Segment Open
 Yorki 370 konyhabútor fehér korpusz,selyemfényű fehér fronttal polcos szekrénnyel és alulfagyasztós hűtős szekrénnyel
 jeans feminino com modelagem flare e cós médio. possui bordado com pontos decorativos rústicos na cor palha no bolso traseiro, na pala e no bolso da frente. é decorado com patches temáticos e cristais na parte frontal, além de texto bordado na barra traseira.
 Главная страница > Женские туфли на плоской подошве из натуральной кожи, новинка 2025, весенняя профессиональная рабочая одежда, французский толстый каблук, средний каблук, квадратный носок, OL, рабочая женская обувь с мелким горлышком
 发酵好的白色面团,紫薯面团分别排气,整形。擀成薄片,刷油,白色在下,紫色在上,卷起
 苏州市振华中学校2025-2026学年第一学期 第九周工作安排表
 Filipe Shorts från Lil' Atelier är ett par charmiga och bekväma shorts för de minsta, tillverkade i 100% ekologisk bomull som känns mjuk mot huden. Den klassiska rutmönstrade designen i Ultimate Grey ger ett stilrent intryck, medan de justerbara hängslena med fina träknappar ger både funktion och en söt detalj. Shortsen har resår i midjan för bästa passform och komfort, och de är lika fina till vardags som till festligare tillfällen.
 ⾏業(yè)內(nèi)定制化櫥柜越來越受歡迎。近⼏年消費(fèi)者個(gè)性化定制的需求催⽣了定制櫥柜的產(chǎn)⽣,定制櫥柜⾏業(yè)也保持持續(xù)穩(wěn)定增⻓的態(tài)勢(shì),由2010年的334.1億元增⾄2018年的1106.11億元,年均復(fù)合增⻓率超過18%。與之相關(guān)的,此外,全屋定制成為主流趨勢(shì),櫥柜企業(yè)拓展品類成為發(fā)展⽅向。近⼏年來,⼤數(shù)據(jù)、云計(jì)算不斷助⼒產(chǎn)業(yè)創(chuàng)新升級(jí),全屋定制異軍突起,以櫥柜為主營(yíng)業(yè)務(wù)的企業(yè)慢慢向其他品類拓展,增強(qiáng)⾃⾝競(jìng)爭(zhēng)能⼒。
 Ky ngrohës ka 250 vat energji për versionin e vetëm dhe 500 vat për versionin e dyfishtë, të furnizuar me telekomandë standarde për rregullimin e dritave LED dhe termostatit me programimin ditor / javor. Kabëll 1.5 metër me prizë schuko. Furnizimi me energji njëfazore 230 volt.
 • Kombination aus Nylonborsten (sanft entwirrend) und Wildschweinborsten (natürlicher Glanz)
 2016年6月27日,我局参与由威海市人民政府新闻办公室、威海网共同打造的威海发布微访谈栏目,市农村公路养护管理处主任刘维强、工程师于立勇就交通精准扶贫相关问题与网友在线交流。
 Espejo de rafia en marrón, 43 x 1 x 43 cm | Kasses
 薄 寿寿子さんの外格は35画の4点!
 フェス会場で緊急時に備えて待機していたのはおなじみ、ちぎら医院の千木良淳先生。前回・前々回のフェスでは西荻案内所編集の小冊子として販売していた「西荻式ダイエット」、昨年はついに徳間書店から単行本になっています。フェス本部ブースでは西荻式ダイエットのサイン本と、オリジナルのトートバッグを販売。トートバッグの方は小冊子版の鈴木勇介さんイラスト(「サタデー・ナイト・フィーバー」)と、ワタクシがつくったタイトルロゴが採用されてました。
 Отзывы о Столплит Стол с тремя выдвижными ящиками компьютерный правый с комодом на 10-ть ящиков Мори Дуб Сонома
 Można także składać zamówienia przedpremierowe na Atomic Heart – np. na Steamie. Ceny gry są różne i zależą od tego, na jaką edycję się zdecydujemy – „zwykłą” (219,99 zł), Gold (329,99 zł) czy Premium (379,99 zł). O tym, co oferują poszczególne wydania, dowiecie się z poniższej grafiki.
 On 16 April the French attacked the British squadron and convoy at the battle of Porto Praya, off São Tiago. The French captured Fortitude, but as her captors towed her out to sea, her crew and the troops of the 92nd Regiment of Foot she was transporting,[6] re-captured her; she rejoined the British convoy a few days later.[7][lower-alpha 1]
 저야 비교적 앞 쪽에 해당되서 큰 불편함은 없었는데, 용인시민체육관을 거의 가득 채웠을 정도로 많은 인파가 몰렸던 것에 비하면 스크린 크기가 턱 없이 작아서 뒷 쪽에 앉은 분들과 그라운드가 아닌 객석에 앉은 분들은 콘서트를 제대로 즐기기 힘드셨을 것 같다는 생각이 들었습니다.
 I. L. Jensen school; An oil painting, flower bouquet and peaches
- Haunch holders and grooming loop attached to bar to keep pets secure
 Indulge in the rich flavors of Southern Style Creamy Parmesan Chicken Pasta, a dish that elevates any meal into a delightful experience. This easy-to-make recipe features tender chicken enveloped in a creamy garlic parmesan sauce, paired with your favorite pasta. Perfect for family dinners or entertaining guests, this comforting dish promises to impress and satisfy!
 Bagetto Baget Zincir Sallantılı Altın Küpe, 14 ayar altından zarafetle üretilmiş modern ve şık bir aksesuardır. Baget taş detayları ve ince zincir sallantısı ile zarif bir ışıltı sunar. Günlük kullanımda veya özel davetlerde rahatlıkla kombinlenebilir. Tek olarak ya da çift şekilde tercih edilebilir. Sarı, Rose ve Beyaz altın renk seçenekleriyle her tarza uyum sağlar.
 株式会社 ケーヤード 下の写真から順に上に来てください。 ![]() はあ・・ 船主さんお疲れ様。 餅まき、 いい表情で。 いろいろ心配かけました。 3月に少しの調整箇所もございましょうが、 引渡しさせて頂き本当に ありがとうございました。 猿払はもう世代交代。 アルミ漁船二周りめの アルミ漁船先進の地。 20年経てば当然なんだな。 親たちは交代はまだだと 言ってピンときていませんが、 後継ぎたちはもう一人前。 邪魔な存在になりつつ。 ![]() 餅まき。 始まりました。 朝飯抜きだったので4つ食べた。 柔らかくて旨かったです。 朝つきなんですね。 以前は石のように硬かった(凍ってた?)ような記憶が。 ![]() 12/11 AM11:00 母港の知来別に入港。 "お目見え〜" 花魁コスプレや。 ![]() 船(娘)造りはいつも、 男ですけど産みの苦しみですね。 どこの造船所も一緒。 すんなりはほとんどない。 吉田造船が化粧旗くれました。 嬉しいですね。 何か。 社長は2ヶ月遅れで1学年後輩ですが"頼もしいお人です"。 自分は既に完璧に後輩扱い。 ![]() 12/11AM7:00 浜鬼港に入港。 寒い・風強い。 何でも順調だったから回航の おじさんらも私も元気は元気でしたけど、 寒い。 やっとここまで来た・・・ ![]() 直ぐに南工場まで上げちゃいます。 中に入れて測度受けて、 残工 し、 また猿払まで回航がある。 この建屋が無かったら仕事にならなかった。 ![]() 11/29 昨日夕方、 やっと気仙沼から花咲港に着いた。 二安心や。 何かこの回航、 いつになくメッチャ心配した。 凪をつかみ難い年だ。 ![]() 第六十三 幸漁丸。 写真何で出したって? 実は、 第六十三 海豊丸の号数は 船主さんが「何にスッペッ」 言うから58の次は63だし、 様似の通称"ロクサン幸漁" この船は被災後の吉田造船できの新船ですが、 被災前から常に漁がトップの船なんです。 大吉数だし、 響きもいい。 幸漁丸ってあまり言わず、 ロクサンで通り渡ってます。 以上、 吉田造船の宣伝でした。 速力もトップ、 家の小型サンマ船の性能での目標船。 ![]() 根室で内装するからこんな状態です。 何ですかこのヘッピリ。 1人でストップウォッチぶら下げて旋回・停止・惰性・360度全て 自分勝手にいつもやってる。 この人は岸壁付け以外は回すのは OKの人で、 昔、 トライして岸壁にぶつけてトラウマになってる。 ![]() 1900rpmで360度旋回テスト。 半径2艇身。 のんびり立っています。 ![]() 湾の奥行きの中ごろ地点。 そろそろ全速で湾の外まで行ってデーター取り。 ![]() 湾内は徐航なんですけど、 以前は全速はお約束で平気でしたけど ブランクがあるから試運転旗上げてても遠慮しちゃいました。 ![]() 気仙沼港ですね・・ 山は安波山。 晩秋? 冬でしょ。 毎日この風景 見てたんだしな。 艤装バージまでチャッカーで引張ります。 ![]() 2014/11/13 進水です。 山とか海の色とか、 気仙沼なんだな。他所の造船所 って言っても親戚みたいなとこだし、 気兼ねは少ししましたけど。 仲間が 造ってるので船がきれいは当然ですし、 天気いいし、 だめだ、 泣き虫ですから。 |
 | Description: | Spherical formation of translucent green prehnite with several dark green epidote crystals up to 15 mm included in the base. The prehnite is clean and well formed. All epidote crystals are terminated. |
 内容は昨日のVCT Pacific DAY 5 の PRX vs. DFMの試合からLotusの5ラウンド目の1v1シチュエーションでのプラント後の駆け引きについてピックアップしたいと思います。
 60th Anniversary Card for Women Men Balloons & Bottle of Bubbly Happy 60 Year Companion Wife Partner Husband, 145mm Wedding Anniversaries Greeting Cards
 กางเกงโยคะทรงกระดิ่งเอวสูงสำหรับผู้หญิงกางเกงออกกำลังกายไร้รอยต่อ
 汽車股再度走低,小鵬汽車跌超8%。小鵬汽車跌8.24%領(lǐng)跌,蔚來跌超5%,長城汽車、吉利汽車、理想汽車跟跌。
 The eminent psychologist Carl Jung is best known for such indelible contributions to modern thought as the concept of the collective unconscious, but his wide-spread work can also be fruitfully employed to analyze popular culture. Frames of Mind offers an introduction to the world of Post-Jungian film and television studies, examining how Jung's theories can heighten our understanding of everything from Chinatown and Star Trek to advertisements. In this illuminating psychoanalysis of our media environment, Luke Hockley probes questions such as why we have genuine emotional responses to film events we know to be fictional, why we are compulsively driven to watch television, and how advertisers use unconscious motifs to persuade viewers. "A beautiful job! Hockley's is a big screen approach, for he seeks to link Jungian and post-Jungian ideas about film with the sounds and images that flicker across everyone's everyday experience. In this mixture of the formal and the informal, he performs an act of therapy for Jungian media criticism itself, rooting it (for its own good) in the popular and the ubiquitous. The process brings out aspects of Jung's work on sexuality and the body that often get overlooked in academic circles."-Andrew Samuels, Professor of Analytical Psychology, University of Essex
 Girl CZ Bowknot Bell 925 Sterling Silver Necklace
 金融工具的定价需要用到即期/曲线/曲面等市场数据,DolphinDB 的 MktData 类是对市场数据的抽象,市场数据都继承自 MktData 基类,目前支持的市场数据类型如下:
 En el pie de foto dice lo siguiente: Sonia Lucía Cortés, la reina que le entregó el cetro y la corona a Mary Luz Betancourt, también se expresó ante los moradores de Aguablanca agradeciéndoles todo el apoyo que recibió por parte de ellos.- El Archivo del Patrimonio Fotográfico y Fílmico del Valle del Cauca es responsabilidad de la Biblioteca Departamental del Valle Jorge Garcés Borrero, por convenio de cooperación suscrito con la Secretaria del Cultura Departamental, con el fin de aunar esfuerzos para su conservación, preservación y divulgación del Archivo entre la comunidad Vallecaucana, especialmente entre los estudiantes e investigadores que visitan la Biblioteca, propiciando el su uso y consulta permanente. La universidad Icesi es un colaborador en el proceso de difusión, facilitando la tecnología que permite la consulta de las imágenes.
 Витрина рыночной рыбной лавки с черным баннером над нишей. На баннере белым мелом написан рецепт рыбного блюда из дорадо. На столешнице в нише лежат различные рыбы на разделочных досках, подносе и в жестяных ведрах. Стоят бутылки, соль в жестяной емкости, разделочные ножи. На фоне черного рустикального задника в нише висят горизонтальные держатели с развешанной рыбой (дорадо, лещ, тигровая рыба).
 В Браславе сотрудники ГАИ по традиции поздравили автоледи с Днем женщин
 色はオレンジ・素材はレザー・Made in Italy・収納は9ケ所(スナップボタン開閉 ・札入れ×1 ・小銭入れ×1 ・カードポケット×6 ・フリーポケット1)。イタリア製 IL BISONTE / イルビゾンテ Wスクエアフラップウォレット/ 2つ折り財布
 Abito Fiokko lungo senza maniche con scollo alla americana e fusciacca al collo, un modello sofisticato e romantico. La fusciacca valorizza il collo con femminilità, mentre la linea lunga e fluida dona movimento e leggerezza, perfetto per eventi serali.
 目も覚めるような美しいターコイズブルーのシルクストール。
Segment Closed
Please print verbatim each line from the first line of the entries above to the line that contains "苏州市振华中学校2025-2026学年第一学期 第九周工作安排表", inclusive, and nothing more.

 Yorki 370 konyhabútor fehér korpusz,selyemfényű fehér fronttal polcos szekrénnyel és alulfagyasztós hűtős szekrénnyel
 jeans feminino com modelagem flare e cós médio. possui bordado com pontos decorativos rústicos na cor palha no bolso traseiro, na pala e no bolso da frente. é decorado com patches temáticos e cristais na parte frontal, além de texto bordado na barra traseira.
 Главная страница > Женские туфли на плоской подошве из натуральной кожи, новинка 2025, весенняя профессиональная рабочая одежда, французский толстый каблук, средний каблук, квадратный носок, OL, рабочая женская обувь с мелким горлышком
 发酵好的白色面团,紫薯面团分别排气,整形。擀成薄片,刷油,白色在下,紫色在上,卷起
 苏州市振华中学校2025-2026学年第一学期 第九周工作安排表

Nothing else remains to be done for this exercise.